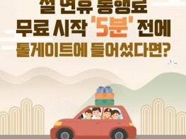 고속도로 통행료 면제로 더 즐거운 귀성길 되시길 바랍니다.
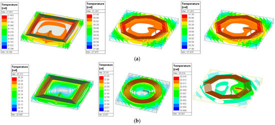 The determined temperatures for the analyzed structures: (a) structures with an exterior diameter of 13 mm and 7 turns; (b) structures with an exterior diameter of 13 mm and 7 turns.
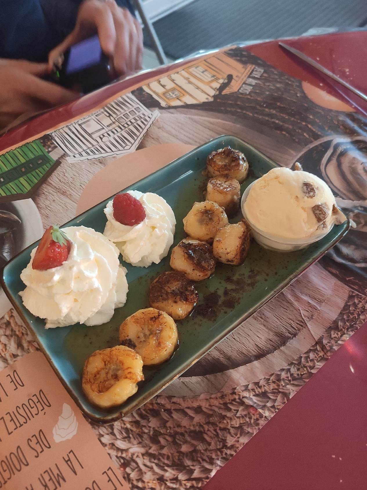 Très bon accueil.Service efficace,rapide. Très bonne assiette de fruits de mer,moules effectivement petites ms bonnes. Bananes flambées et tiramisu en dessert, très bon. Toilettes propres(critère important et qui veut dire bcp) Bon rapport qualité prix
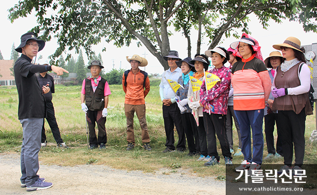 대전교구 합덕본당 주임 김성태 신부(맨 왼쪽)가 6월 9일 열린 ‘목자와 함께 걷는 순례’ 중 합덕제(합덕방죽)에서 참가 신자들에게 장소 의미를 설명하고 있다.

* PROBLEM DESCRIPTION:
Copy out the whole listing word for word, except for any picture it includes.

* SOLUTION TO THIS EXERCISE:
 고속도로 통행료 면제로 더 즐거운 귀성길 되시길 바랍니다.
 The determined temperatures for the analyzed structures: (a) structures with an exterior diameter of 13 mm and 7 turns; (b) structures with an exterior diameter of 13 mm and 7 turns.
 Très bon accueil.Service efficace,rapide. Très bonne assiette de fruits de mer,moules effectivement petites ms bonnes. Bananes flambées et tiramisu en dessert, très bon. Toilettes propres(critère important et qui veut dire bcp) Bon rapport qualité prix
 대전교구 합덕본당 주임 김성태 신부(맨 왼쪽)가 6월 9일 열린 ‘목자와 함께 걷는 순례’ 중 합덕제(합덕방죽)에서 참가 신자들에게 장소 의미를 설명하고 있다.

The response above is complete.